| Information shown |
◆ ◆ ◆ ◆ ◆ ◆ ◆
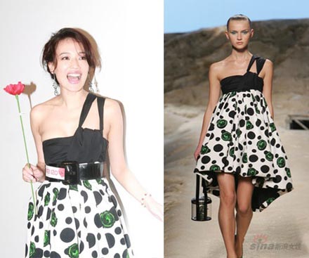 编者按:我们看T台模特,自恨没那么多银子,照搬一套套美服。有钱的女明星们,或者自掏腰包,或者获得品牌赞助,穿上那些闪耀T台的华服。可是效果如何呢?让我们小小评说一下。不过,事实证明,照搬T台不一定100%成功,懂得自己的缺点,扬长避短,比有千金万银买大牌衣重要。
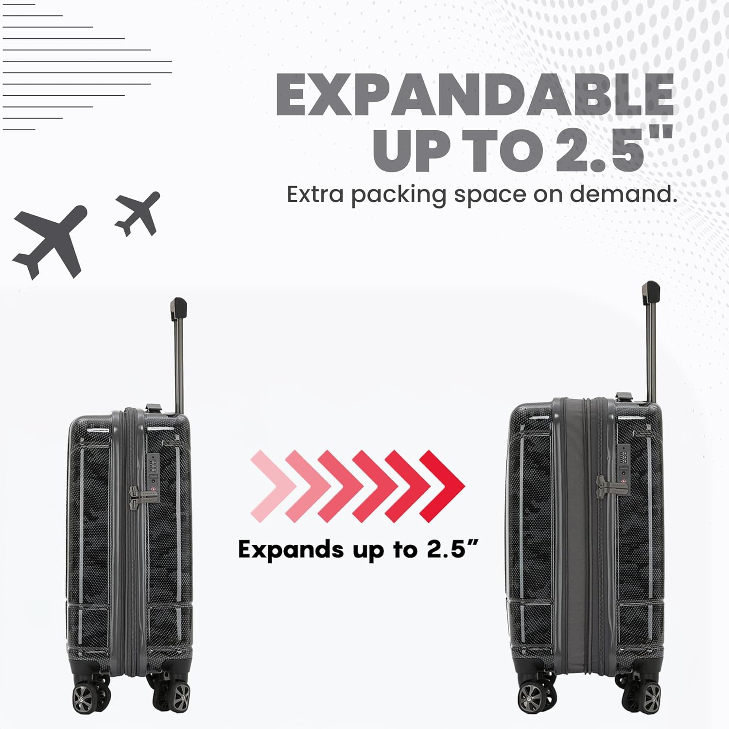 Convenient Design: Two carry handles provide maximum convenience when lifting a packed case, and this suitcase also has an expandable design that allows a full 2.5” expansion for additional packing capacity
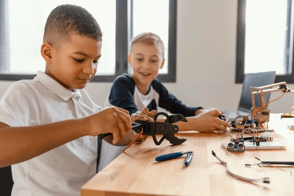 Students learn by doing—working with robots, sensors, electronics, and code to solve real engineering challenges.
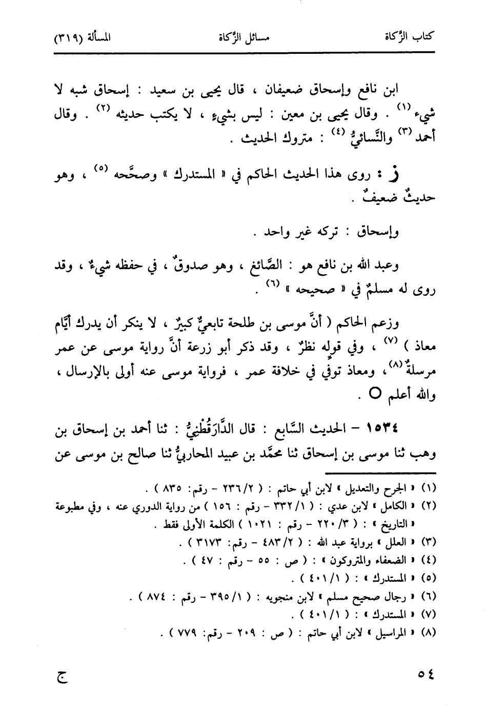 وزعم الحاكم (أنَّ موسى بن طلحة تابعيٌّ كبيرٌ، لا ينكر أن يدرك أيَّام معاذ) (7)، وفي قوله نظرٌ، وقد ذكر أبو زرعة أنَّ رواية موسى عن عمر مرسلةٌ (8)، ومعاذ توفِّي في خلافة عمر، فرواية موسى عنه أولى بالإرسال، والله أعلم O.
◆ ◆ ◆ ◆ ◆ ◆ ◆
| Task |
The output consists of exactly the lines from the one containing "Students learn by" through the last line of the listing, both included, with no pictures.

| Solution for this problem |
 Students learn by doing—working with robots, sensors, electronics, and code to solve real engineering challenges.
 وزعم الحاكم (أنَّ موسى بن طلحة تابعيٌّ كبيرٌ، لا ينكر أن يدرك أيَّام معاذ) (7)، وفي قوله نظرٌ، وقد ذكر أبو زرعة أنَّ رواية موسى عن عمر مرسلةٌ (8)، ومعاذ توفِّي في خلافة عمر، فرواية موسى عنه أولى بالإرسال، والله أعلم O.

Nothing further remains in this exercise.